We have been traveling for the past month. It was a mix of work and pleasure, and a lot of visiting family. (I'll share more about the trip in a few posts over the next week.)

 It was a good trip, but since we have returned, I have been feeling off track. I just feel like we had just started to get a rhythm going before we left, and then the trip threw it all off. Focusing has been hard - with all the laundry to do, things to put away, and exhaustion that comes with being on the road for so long. I think I just need to start in and try and get back into the routine and rhythm and try and get back to "normal" (whatever that is).

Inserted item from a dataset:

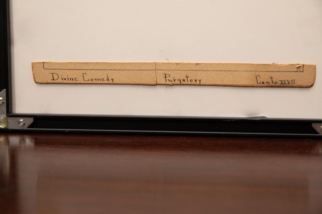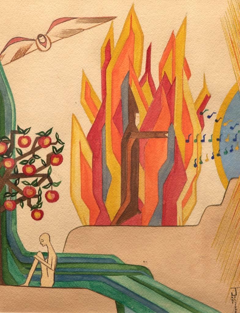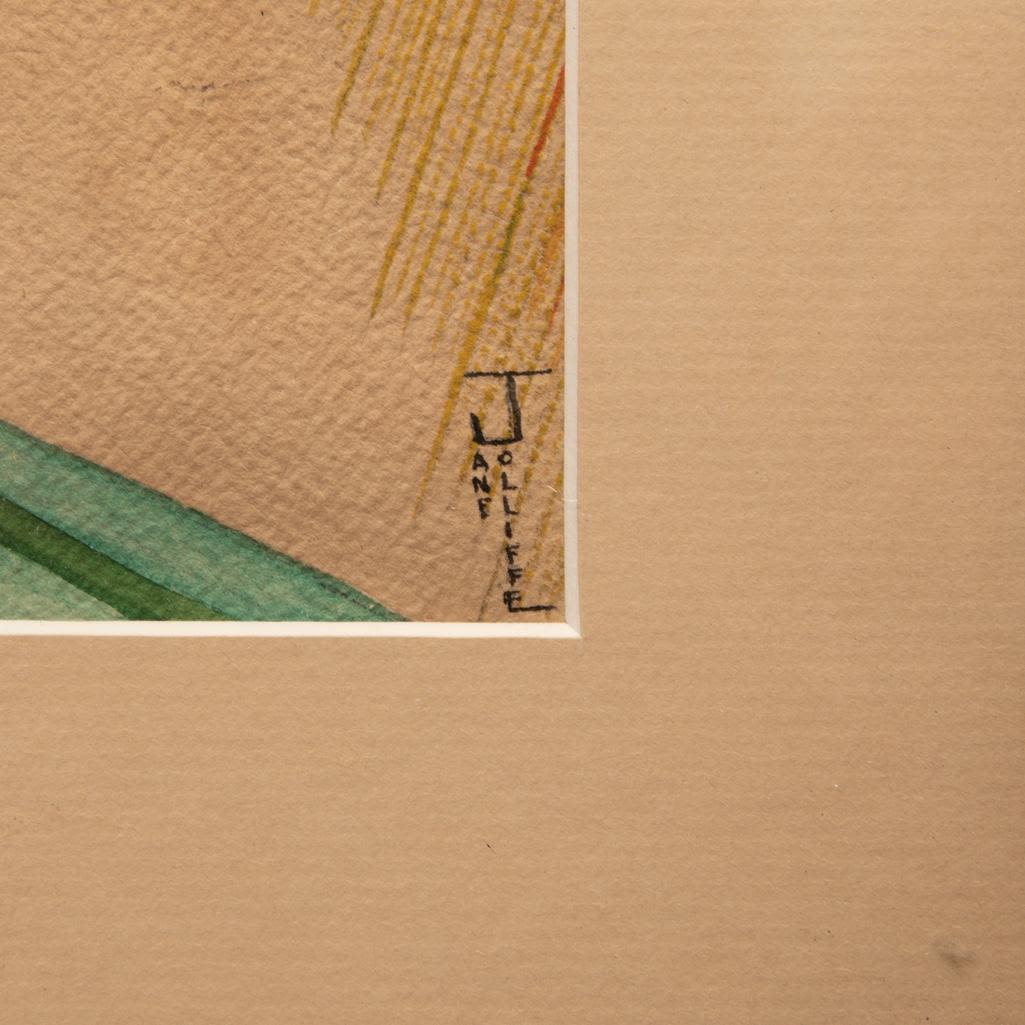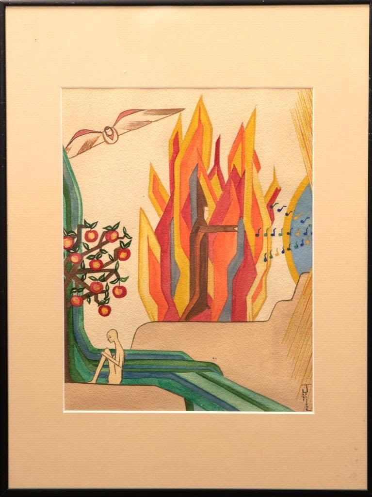 Art Deco watercolor scene from Dante’s Divine Comedy. signed "Jane Jolliffe" l.r., Watercolor and gouache on paper/board, sight sizes to 10 1/2 x 8 1/2 in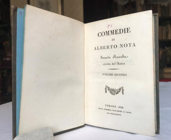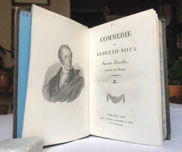 Due volumi in 8 piccolo (cm. 16 x 10), legati in tela editoriale, titoli al dorso ornato da decorazioni in oro, piatti in cornice impressa a secco, tagli marmorizzati, sguardie, antiporta con ritratto dell'autore al primo volume, frontespizi, dedicatoria a Re Carlo Alberto, di cui per lungo periodo fu bibliotecario, e prefazione dell'autore, XXI, 272, 288 pp., sommario ed annotazioni. Ogni commedia preceduta da un occhiello con l'indicazione della data, della compagnia e del teatro nel quale sia stata per la prima volta rappresentata, segue l'elenco dei personaggi. Forse le meno note fra le commedie dell'autore torinese sono contenute in questa raccolta: Petrarca e Laura, Lodovico Ariosto, Torquato Tasso, La Donna Irrequieta, Lo Sposo di Provincia, Il Prigioniero e l'Incognita. Bella edizione stampata a grandi magini su carta forte, gradevole la lettura. Di scarsa reperibilit.

I think some of the problem is that I am not seeing as much progress as I would like with my treatment. While things seem to be pretty much stable, I don't feel like there is any improvement in the size of the lymph nodes in my neck. I was hoping that after 2 months on treatment there would at least be some sign that they were starting to go down, and while the other symptoms seem to be stabilized and I do feel more like myself, I'm just disappointed that things are going slowly.

I have a appointment with Dr. Ramakrishnan this week, and oncology appointment next week, and I'll be making sure to get in to do my Tong Ren, and add in some Tui Na. I'm also researching hydrogen peroxide therapy to see if it is something I want to add to my plan and try and kick start my healing a little bit.